■ Exercise requirements: Output the whole listing exactly, except for the pictures in it.

■ Supplied material:
____

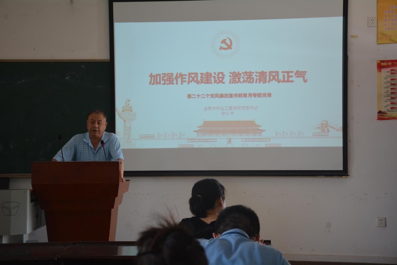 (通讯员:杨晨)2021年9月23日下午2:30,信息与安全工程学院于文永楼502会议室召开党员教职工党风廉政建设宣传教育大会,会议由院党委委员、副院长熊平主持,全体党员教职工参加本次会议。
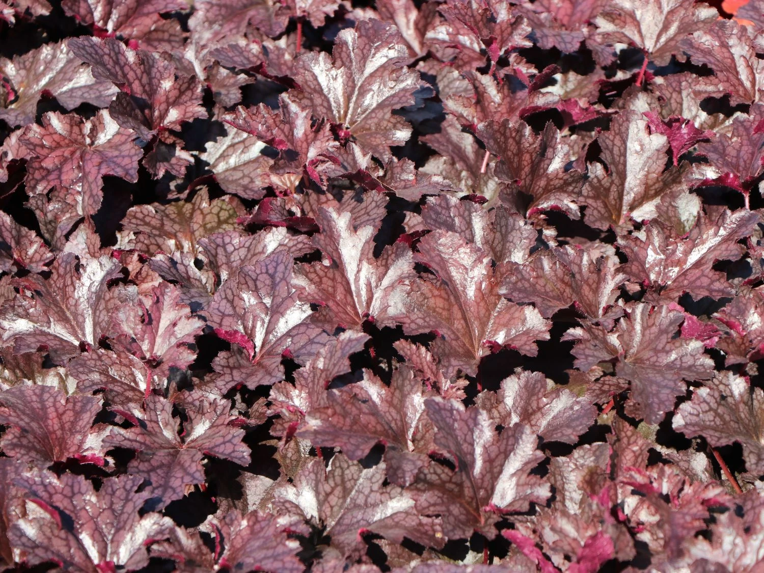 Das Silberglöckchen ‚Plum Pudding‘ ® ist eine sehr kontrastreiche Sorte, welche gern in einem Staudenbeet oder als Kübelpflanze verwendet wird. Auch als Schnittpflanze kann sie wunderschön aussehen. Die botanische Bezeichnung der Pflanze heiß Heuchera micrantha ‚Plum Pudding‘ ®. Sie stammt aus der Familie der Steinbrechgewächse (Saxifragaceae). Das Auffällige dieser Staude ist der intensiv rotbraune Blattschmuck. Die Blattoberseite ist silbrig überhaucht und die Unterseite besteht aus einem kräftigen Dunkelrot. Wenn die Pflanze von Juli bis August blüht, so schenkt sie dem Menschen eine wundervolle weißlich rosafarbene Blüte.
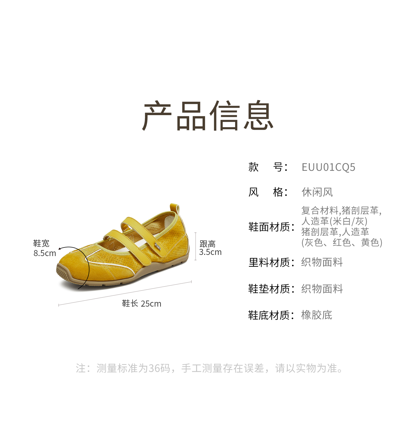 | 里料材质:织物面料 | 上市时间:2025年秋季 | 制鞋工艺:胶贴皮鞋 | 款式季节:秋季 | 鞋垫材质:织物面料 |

____

■ Output of the exercise:
 (通讯员:杨晨)2021年9月23日下午2:30,信息与安全工程学院于文永楼502会议室召开党员教职工党风廉政建设宣传教育大会,会议由院党委委员、副院长熊平主持,全体党员教职工参加本次会议。
 Das Silberglöckchen ‚Plum Pudding‘ ® ist eine sehr kontrastreiche Sorte, welche gern in einem Staudenbeet oder als Kübelpflanze verwendet wird. Auch als Schnittpflanze kann sie wunderschön aussehen. Die botanische Bezeichnung der Pflanze heiß Heuchera micrantha ‚Plum Pudding‘ ®. Sie stammt aus der Familie der Steinbrechgewächse (Saxifragaceae). Das Auffällige dieser Staude ist der intensiv rotbraune Blattschmuck. Die Blattoberseite ist silbrig überhaucht und die Unterseite besteht aus einem kräftigen Dunkelrot. Wenn die Pflanze von Juli bis August blüht, so schenkt sie dem Menschen eine wundervolle weißlich rosafarbene Blüte.
 | 里料材质:织物面料 | 上市时间:2025年秋季 | 制鞋工艺:胶贴皮鞋 | 款式季节:秋季 | 鞋垫材质:织物面料 |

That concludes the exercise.